Ruzanna likes travelling and climbing high mountains. “But my biggest passion is the passion for cognition,- she says,- knowing yourself and the world surrounding you. And in this respect civic activism is very useful”.

Her activism has started after the fight for the Trchkan Waterfall, when she understood, that a group of people, no matter how small, can gather together and solve a problem: “it greatly motivates”.

Before we start our breakfast, the kitten starts meowing and demanding to be fed, and we move back to the kitchen. There's chicken specially cooked for it, which Ruzanna divides in threads, continuing to radiate enthusiastic thoughts that if there's a definition and approach sincere to the point of being personal, the problem will be solved.

“If there are at least 5 people who consider a problem personal and consistently stand for it to the end, the problem will be solved”,- she says, putting the meat in the feeder, which is quickly depleted.

Cultural anthropologist Aghasi Tadevosyan says that Ruzanna, as a matter of fact, is one of the individuals forming new practices with her actions, because she realizes her activism as a way of life and thought, which is directed from inside to outside – from personal to social.

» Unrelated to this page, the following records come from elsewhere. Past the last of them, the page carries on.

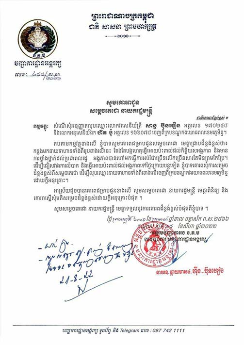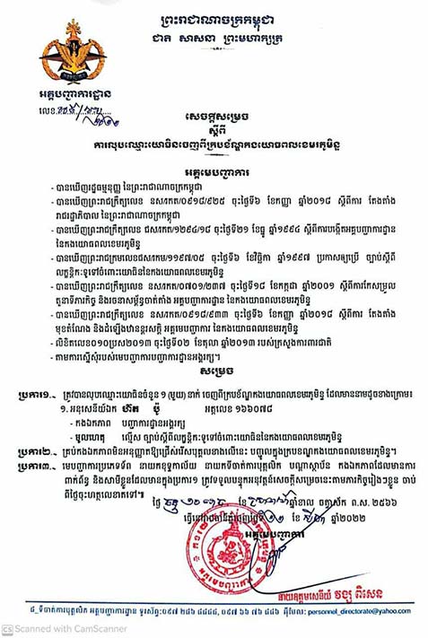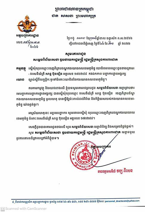 ការចេញសេចក្តីសម្រេច និងលិខិតស្នើសុំលុបឈ្មោះចេញពីក្របខ័ណ្ឌយោធិនពីររូបនេះ បន្ទាប់ពីមានសំណើរបស់បញ្ជាការដ្ឋានអង្គរក្ស គោរពជូនសម្តេចតេជោ ហ៊ុន សែន នាយករដ្ឋមន្ត្រីនៃកម្ពុជា និងចំណារឯកភាពរបស់សម្ដេចតេជោ ស្នើទៅរដ្ឋមន្ត្រីក្រសួងការពារជាតិឲ្យបំពេញបែបបទបណ្តេញចេញជាបន្ទាន់ដោយសារពួកគេធ្វើឲ្យប៉ះពាល់ដល់វិន័យនិងកិត្តិយសរបស់កងយោធពលខេមរភូមិន្ទ ធ្ងន់ធ្ងរ៕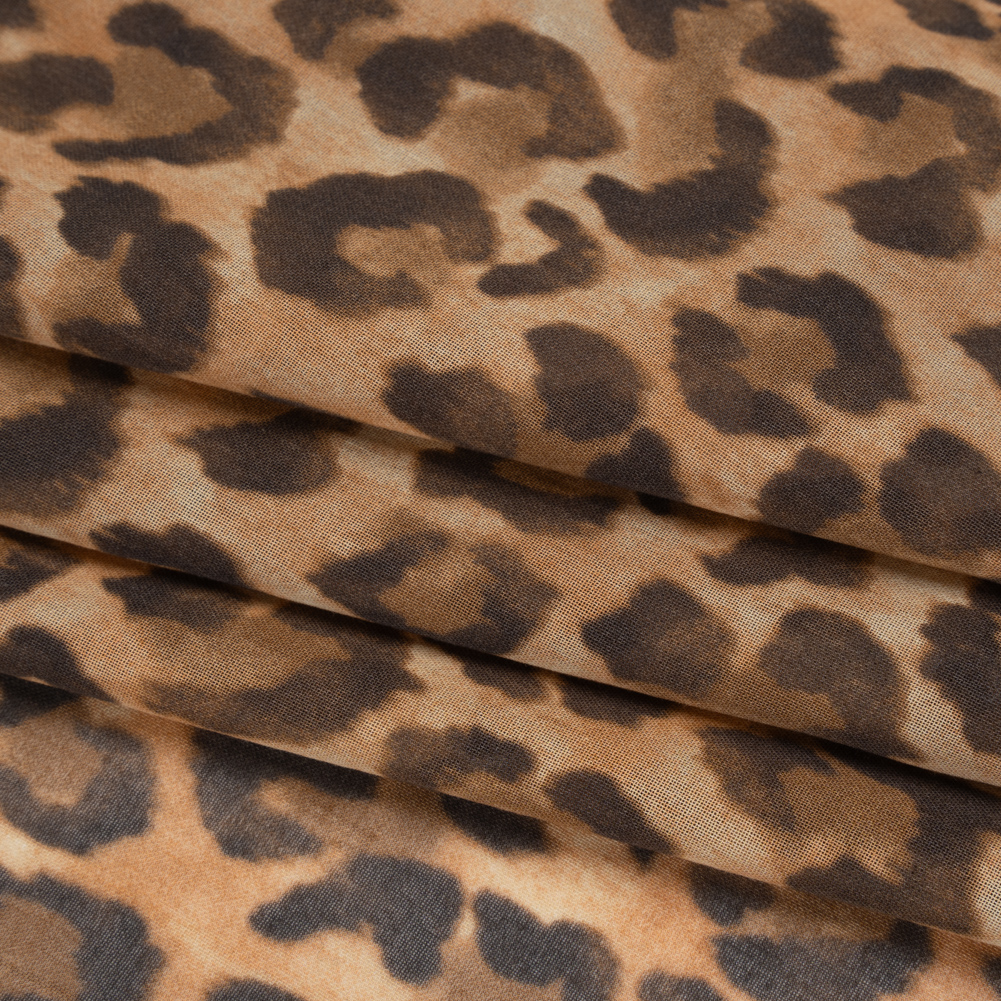 Luxury lives within this Cheetah Spots Cotton Lawn Print—featuring a crisp hand and airy drape.Suggested Projects: Shirts, Skirts, Shorts, DressesContent: 100% CottonStretch: NoneOpacity: SheerStep into the spotlight with this beige, tan, and dark brown cheetah-spotted cotton lawn. Lightweight and crisp to the touch, it features a fine, sheer construction with no stretch and a breezy, airy drape. Perfect for summer blouses, button-up camp shirts, tiered maxi skirts, or strappy warm-weather dresses, it shines in effortless silhouettes. Add a lining where extra opacity or structure is desired.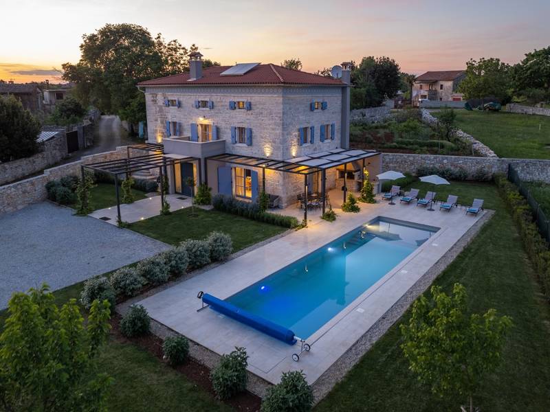 Villa Pi is een prachtige stenen villa gelegen in het dorp Brečevići in centraal Istrië. De villa heeft 4 slaapkamers en is geschikt voor 8 personen, waardoor het perfect is voor een familievakantie. Het interieur van het huis is uitgerust met moderne en hoogwaardige meubels. Op de begane grond van het huis, die direct toegang heeft tot het zwembad, is er een volledig uitgeruste keuken met een eethoek en een grote woonkamer met een open haard. Op de eerste verdieping zijn er 2 slaapkamers, een met een tweepersoonsbed en een met 2 eenpersoonsbedden. De overige 2 kamers, beide zeer ruim en voorzien van tweepersoonsbedden, bevinden zich op de tweede verdieping. Alle kamers zijn voorzien van airconditioning en een eigen badkamer, zodat gasten optimaal kunnen genieten van hun intimiteit. Villa Pi beschikt over een groot zwembad (50 m2), dat op verzoek van de gasten en tegen extra kosten kan worden verwarmd. Breng uw vakantie door met uw gezin in Villa Pi en ervaar de charmes van het Istrische dorp.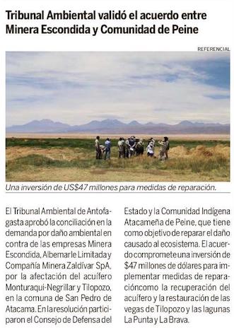 Acuerdo entre Minera Escondida y comunidad de Peine validado por Tribunal Ambiental - (antofagasta.cl)
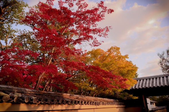 築地塀の重厚な水平ラインと、空に向かって広がる燃えるような赤色のモミジの対比が美しい作品です。斜めから差し込んでくる夕陽が木々の立体感を強調し、夕暮れ時の赤みがかった雲の色がノスタルジックな古都の秋の風情を醸し出しています。非常に素直で好感の持てる作品です。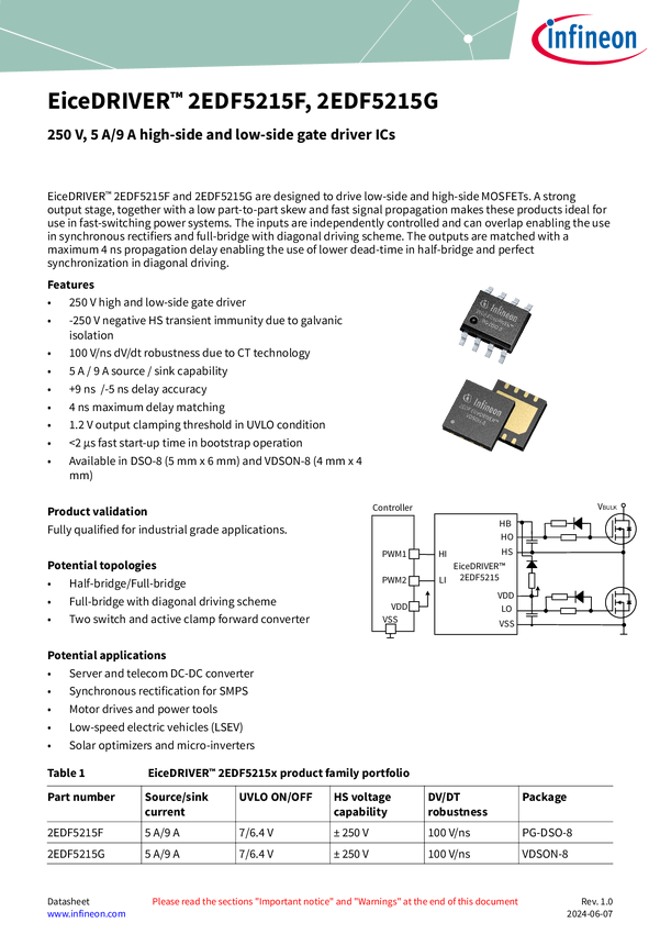 Fast, robust, dual-channel, high side isolated gate driver with accurate and stable timing and high current output Designed to drive low-side and high-side MOSFETs, a strong output stage, together with a low part-to-part skew and fast signal propagation makes these products ideal for use in fast-switching power systems. The outputs are matched with a maximum 4 ns propagation delay enabling the use of lower dead-time in half-bridge and perfect synchronization in diagonal driving.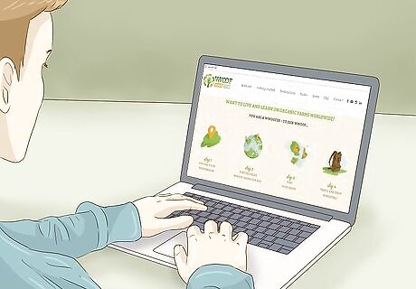 Research organic farming volunteer opportunities. If there is an organic farm near your home, you could attempt to contact the farmer there and ask if he could use any volunteer help. In addition to opportunities on your local neighborhood farm, you can also consider looking for volunteer opportunities with trusted organizations, such as organic farm programs sponsored or set up by universities. Be careful about the opportunities you choose. Never accept an offer from a person or an organic farm that you have no way of researching or doing a background check on.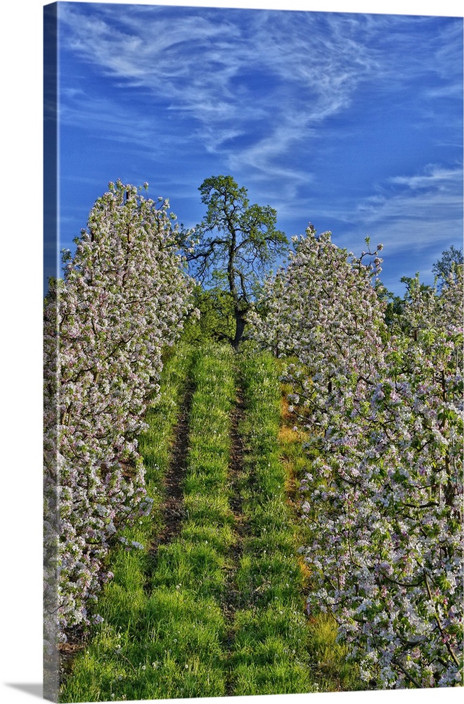 USA, Oregon, Hood River, Apple Orchard In Full Bloom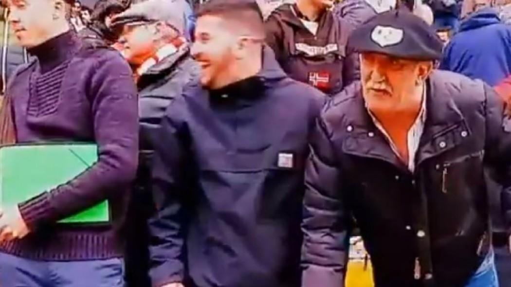 Imágenes de @vamos. Gravísimos insultos a Marcelino. Una puñetera vergüenza. Ese señor de la boina y su colega, aparte de no tener muy claros los tiempos verbales, no tienen cabida en un campo de fútbol. pic.twitter.com/oFDSyHIkZS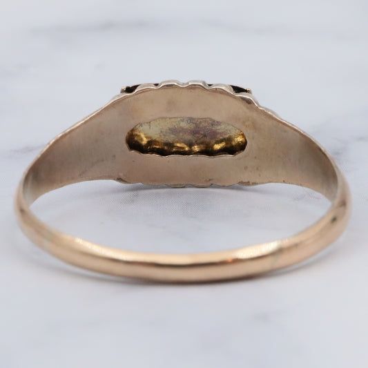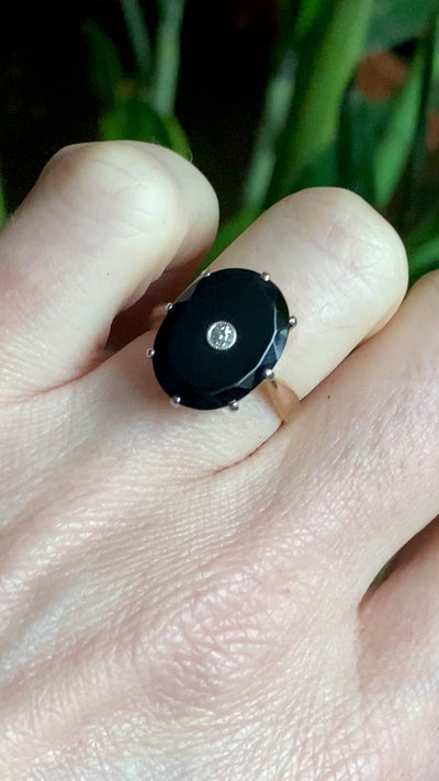 Antique Victorian 18k gold faceted onyx with old European cut diamond center with platinum tip ring, sz 6

“Activism arising from inside is very important,- he comments,- this is a very substantial, surprising and pleasant human property, which is typical of her and I think that's where her surprising feeling of freedom and strength of spirit comes and passes to the people surrounding her”.

The police has carried Ruzanna off using brute force several times: she has bruises on her elbows, but that can't make her turn back from the way she's heading.

We are continuing to discuss, how changes can be reached and which is the right option. In my companion's opinion, the best way to change is not destroying, which will lead to defeat, because that's the field where you're fighting with someone who's stronger, but creating a new culture, independent of the authorities and with a different symbolic system.

“As a matter of fact, you're creating a new thing, and the new thing gives the old one two options: renew itself to understand your symbolic language to communicate with you or automatically break down and fail, being replaced by the new”,- she comments.

Concerning the idea of the traditional Armenian hearth and home, she isn't against it at all, it's only that she thinks every family should make their own mind which way they want to be.

“It's just that people should be able to choose, not just be obligated the traditional model,- she comments,- there can be as many models, as many families there are in Armenia. Some women may choose that model, but it doesn't mean the rest of the 1.5 millions of women should live that way”.